OPINION OF THE COURT

Andrea Masley, J.

Respondent Caroline K. moves pursuant to CPLR 5015 to vacate the default judgment entered against her on March 26, 2014 and the consequent final order and judgment entered on April 21, 2014, and reinstate her answer;1 pursuant to CPLR 3212 for summary judgment, finding Ms. K. has succession rights, directing landlord to issue a lease to the rent-stabilized apartment of her late mother and rent bills in Ms. K.’s name, and dismissing landlord’s holdover petition; and pursuant to Rules of the Chief Administrator of the Courts (22 NYCRR) part 130, for sanctions and legal fees. Landlord 1234 Broadway LLC (landlord) challenges the jurisdiction of this court and this judge to hear this motion.

This is a residential holdover action which was initiated on April 16, 2013 in New York City Housing Court, New York County. Landlord seeks to remove Ms. K. from the apartment on grounds that she is a licensee with no right to remain.

On July 13, 2013, Frank Rivera, Esq. of the Department of Social Services filed an order to show cause seeking appointment of a guardian ad litem (GAL) based on the February 13, 2013 examination of Ms. K. by Dr. Jones, who found Ms.

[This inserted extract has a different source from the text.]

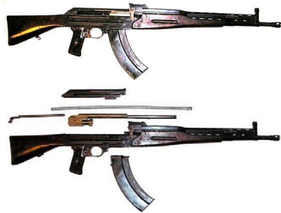
Рис. 5. Дослідницький 7,62-мм автомат Булкина (АБ-46) і його неповне розбирання

Автомат задовольнив всім вимогам програми випробувань, і комісія склала звіт: “Рекомендувати 7,62-мм автомат конструкції старшого сержанта Калашникова, під назвою АК-47, для ухвалення на озброєння Радянської Армії” (рис. 7).

K. to be suffering from very serious mental illness. A GAL was appointed for Ms. K. on September 3, 2013.

On September 26, 2013, landlord moved for discovery and payment of use and occupancy (U & O). On November 13, 2013, landlord and GAL stipulated to discovery in the form of document production, a deposition of Ms. K., payment of use and [675]*675occupancy of $6,018.39 by January 15, 2014 and monthly use and occupancy at $668.71. The stipulation granting the motion was so-ordered by Judge Halpern. The matter was marked off calendar pending discovery.

On March 6, 2014,2 landlord and GAL resolved landlord’s motion for discovery again with a stipulation, so-ordered by Judge Spears, that Ms. K. had produced all relevant documents and would be precluded from offering new documents or testifying as to those new documents at trial. Judge Spears also ordered Ms. K. to pay $7,355.81 in use and occupancy by March 26, 2014 or her answer would be stricken. Judge Spears states in the March 6, 2014 order:

“The Court has been advised that APS is holding funds in escrow but will not release said funds until respondent is given a rent bill in her name. However, the petitioner will only provide such documentation if it is proven that respondent has succession rights — the actual basis of the litigation.”

On March 26, 2014, Judge Spears issued another order that concludes, “The respondent has shown no ability to pay outstanding use and occupancy. Therefore, pursuant to this court’s 3/6/14 order respondent’s answer is stricken. This matter is adjourned to 4/21/14 at 2:30 PM for inquest.”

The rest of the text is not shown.